Answer with the exact lines of the following material from the one containing "這是我國首條設(shè)計時" through the one containing "A abertura do", both end lines included.
MATERIAL FOR THIS EXERCISE Block Start
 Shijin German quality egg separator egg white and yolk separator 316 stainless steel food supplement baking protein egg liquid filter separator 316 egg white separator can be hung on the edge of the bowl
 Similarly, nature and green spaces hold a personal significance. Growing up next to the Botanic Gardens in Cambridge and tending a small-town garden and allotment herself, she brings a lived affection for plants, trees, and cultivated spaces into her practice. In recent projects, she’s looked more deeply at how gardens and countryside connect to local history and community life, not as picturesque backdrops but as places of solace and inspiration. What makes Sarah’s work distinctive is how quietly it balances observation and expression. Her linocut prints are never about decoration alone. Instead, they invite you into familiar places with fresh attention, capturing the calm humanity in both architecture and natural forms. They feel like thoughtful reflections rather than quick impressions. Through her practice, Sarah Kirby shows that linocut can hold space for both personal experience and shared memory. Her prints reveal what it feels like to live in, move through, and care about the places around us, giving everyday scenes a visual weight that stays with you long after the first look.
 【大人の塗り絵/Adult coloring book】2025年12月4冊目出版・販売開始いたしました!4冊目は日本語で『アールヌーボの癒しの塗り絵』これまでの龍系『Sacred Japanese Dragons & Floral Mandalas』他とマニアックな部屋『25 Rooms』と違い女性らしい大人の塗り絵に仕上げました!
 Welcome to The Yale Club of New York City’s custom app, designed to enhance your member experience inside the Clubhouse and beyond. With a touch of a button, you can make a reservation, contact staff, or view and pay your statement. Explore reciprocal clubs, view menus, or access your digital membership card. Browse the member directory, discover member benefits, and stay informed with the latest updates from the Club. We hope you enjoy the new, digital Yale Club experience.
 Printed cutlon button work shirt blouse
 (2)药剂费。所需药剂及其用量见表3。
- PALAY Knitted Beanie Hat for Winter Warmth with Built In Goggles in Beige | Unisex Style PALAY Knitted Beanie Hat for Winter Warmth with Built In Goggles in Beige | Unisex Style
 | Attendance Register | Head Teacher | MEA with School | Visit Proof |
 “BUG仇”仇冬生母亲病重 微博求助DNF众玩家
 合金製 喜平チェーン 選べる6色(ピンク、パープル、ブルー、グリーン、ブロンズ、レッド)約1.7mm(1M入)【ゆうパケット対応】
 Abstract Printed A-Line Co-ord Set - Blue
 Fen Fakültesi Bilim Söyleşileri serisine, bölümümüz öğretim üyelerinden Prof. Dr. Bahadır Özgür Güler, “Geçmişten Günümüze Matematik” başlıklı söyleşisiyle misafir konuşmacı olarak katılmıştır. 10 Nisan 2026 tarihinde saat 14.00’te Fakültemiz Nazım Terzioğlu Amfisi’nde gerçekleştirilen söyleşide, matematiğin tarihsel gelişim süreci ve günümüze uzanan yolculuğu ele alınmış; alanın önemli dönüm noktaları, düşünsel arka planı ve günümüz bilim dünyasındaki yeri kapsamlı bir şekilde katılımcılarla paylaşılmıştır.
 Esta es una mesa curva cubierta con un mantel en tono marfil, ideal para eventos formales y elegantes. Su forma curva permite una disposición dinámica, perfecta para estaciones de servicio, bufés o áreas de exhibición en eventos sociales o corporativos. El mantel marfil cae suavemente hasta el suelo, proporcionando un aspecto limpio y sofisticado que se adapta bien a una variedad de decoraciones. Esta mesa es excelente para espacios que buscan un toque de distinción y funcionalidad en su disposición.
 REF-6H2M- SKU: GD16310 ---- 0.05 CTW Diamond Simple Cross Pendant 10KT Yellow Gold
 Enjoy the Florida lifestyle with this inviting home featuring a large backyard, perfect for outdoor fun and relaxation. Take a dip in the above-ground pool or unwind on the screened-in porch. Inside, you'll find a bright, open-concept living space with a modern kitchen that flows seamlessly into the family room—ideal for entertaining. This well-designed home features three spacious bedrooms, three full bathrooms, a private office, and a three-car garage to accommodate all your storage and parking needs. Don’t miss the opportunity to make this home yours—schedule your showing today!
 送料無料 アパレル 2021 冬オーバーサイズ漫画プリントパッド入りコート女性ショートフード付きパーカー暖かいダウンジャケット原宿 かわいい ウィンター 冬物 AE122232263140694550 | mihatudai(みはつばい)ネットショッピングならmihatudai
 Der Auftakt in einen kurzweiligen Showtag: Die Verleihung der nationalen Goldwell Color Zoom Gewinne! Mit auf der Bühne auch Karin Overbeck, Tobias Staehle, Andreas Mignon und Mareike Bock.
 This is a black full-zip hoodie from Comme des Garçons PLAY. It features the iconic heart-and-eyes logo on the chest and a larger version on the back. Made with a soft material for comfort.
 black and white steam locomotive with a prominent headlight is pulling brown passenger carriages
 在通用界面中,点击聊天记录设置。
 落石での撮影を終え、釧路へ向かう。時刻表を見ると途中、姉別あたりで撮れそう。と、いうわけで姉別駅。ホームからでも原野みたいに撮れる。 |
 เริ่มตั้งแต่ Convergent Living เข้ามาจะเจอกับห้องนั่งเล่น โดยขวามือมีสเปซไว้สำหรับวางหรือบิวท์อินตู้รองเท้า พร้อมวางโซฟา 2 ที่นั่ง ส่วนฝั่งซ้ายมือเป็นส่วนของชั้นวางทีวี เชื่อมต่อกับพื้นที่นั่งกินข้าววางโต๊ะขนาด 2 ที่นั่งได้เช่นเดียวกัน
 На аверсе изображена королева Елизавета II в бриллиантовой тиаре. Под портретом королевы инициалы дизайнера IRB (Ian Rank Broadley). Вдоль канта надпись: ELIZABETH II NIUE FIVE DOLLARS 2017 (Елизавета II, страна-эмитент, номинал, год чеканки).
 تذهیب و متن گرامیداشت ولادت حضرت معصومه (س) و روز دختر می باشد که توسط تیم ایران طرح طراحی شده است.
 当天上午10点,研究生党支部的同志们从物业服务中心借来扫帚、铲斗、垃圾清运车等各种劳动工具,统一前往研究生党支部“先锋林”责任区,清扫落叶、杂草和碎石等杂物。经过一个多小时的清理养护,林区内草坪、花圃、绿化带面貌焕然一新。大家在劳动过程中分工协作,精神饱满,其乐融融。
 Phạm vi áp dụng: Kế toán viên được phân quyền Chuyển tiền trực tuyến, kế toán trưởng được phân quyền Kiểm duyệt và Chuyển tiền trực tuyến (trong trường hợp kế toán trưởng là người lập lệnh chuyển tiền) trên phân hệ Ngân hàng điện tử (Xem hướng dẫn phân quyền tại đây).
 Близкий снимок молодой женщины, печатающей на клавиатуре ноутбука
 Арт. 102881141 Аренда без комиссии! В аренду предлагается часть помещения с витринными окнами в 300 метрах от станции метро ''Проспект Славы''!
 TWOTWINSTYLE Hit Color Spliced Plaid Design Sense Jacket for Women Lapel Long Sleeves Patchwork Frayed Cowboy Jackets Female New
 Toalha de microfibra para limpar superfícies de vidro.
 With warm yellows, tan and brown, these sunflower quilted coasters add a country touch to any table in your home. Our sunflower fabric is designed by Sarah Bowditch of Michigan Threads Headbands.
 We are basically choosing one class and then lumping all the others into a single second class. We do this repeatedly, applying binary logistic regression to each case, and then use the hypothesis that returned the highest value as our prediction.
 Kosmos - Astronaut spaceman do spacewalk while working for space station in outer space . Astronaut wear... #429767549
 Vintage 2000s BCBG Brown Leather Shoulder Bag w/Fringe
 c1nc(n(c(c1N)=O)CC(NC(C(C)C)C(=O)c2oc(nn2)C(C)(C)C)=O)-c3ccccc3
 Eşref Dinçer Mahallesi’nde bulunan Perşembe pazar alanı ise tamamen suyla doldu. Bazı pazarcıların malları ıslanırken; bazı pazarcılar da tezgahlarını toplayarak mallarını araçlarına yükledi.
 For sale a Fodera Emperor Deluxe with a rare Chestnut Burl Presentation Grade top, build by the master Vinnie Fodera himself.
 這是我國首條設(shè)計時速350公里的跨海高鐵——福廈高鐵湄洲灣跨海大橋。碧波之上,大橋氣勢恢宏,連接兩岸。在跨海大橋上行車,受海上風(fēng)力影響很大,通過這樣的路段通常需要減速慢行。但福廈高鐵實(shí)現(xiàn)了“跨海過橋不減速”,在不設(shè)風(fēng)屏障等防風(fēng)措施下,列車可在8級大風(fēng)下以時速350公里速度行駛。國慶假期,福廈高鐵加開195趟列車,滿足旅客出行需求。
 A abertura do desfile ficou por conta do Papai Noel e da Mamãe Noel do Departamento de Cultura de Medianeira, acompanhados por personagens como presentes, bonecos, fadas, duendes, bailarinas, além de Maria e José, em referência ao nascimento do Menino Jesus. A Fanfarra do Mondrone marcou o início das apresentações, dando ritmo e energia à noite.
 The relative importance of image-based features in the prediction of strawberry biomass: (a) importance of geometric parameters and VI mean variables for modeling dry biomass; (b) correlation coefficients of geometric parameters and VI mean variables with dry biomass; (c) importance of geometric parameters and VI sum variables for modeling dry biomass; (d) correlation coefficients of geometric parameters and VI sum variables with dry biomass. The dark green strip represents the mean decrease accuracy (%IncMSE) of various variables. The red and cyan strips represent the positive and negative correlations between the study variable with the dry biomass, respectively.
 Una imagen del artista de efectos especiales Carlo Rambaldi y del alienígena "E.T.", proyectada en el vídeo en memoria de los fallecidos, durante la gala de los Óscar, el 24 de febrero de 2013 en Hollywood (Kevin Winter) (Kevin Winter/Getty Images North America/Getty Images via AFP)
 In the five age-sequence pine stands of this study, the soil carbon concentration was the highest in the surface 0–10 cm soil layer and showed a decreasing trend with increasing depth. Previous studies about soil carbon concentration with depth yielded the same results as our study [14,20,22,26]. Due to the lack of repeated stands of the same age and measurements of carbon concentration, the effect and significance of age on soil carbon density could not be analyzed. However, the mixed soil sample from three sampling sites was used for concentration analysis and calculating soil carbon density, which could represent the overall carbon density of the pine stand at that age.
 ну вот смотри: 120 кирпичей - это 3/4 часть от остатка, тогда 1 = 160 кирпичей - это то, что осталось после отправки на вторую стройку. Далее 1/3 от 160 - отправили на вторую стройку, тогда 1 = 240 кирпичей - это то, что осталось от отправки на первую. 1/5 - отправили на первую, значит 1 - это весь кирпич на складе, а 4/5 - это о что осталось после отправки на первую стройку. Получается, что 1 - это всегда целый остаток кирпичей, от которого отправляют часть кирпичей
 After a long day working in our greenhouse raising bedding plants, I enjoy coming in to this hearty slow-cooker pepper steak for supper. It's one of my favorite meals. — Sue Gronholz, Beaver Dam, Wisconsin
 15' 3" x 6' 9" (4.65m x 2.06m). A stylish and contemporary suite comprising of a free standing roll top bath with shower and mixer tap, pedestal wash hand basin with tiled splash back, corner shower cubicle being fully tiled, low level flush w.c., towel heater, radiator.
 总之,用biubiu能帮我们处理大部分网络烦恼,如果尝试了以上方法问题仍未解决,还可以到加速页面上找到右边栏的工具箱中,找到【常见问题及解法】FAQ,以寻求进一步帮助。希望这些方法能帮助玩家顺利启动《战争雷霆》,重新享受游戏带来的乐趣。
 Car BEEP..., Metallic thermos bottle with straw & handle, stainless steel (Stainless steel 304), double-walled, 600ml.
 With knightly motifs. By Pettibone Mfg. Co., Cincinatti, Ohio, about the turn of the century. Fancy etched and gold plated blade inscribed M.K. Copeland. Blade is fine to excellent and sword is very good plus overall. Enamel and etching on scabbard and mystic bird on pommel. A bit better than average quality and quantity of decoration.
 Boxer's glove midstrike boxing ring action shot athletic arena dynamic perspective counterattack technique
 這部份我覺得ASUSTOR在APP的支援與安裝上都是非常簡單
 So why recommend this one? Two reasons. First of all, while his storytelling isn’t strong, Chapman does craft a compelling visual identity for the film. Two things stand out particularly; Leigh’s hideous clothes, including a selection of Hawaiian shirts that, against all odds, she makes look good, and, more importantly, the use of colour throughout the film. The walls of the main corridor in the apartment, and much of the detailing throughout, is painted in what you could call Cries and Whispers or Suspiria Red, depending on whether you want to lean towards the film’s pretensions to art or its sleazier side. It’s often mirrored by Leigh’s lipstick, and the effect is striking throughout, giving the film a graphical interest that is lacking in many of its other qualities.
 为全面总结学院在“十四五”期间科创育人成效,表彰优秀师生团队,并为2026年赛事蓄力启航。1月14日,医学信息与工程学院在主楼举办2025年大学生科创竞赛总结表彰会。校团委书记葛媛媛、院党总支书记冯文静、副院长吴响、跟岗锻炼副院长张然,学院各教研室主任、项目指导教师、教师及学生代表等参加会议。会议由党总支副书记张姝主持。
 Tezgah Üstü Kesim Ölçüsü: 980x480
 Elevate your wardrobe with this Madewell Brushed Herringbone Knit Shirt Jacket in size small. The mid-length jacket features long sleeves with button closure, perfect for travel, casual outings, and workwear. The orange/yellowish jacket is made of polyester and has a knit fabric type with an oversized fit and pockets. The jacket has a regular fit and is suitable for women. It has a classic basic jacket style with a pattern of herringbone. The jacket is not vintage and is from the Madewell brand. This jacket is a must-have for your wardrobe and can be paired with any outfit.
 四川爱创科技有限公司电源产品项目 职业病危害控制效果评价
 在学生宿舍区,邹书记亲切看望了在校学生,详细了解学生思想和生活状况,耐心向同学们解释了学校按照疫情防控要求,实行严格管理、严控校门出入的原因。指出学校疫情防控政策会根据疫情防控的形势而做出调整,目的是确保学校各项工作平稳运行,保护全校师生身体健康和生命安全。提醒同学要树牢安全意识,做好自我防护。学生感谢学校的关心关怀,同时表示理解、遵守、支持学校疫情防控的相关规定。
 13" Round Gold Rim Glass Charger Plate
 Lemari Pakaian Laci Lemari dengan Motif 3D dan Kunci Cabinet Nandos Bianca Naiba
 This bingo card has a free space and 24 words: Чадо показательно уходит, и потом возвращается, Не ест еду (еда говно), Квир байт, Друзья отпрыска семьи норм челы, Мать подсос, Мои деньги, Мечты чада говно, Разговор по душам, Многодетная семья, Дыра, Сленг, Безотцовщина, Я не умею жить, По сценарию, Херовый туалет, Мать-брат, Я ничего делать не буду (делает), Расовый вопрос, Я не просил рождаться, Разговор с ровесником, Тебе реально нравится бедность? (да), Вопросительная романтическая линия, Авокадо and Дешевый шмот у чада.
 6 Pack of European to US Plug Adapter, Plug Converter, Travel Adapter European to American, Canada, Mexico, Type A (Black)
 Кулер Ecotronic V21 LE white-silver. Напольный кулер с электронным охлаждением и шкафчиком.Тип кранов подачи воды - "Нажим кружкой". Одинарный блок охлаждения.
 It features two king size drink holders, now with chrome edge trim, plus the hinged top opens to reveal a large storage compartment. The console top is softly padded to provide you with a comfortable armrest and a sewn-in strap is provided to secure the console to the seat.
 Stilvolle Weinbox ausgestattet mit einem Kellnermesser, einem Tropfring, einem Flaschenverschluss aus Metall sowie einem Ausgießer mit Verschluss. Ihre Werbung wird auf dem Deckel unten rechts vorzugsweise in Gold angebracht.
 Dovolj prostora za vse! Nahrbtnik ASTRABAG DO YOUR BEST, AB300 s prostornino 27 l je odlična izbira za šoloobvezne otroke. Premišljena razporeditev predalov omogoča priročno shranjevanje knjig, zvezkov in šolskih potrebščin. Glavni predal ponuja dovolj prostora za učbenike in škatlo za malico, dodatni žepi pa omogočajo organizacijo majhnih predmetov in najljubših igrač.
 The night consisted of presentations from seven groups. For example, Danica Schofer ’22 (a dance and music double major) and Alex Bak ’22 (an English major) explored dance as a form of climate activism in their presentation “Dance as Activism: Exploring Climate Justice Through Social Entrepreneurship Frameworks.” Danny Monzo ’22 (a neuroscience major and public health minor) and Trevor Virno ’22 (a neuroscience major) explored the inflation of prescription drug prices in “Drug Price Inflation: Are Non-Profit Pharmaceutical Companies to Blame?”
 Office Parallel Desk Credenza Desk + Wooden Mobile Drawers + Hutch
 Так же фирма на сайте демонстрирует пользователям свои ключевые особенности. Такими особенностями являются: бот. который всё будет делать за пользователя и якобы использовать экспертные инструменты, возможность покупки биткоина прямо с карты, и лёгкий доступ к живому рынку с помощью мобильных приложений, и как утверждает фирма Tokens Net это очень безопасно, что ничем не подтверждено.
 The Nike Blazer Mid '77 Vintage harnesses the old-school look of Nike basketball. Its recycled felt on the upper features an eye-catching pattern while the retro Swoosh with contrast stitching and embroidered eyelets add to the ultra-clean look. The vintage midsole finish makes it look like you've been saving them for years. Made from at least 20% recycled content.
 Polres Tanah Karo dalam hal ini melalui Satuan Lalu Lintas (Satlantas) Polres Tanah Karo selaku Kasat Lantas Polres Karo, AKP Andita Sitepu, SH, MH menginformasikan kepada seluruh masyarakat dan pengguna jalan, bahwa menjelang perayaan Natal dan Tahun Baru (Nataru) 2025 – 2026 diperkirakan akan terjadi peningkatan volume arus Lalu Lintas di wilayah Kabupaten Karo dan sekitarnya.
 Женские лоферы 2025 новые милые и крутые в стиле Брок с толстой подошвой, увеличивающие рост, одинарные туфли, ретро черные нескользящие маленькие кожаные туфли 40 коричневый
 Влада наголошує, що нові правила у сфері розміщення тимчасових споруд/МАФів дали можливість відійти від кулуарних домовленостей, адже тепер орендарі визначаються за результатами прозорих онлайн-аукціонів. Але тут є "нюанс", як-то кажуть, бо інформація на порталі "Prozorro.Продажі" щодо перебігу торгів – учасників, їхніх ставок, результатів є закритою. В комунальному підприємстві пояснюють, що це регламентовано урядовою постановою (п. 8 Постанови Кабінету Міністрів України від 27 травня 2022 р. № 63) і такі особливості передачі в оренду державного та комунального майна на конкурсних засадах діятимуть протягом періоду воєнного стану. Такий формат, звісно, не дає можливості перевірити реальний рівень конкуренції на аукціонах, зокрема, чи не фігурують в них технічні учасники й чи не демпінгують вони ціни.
MATERIAL FOR THIS EXERCISE Block End
» **RESULT BELOW**
 這是我國首條設(shè)計時速350公里的跨海高鐵——福廈高鐵湄洲灣跨海大橋。碧波之上,大橋氣勢恢宏,連接兩岸。在跨海大橋上行車,受海上風(fēng)力影響很大,通過這樣的路段通常需要減速慢行。但福廈高鐵實(shí)現(xiàn)了“跨海過橋不減速”,在不設(shè)風(fēng)屏障等防風(fēng)措施下,列車可在8級大風(fēng)下以時速350公里速度行駛。國慶假期,福廈高鐵加開195趟列車,滿足旅客出行需求。
 A abertura do desfile ficou por conta do Papai Noel e da Mamãe Noel do Departamento de Cultura de Medianeira, acompanhados por personagens como presentes, bonecos, fadas, duendes, bailarinas, além de Maria e José, em referência ao nascimento do Menino Jesus. A Fanfarra do Mondrone marcou o início das apresentações, dando ritmo e energia à noite.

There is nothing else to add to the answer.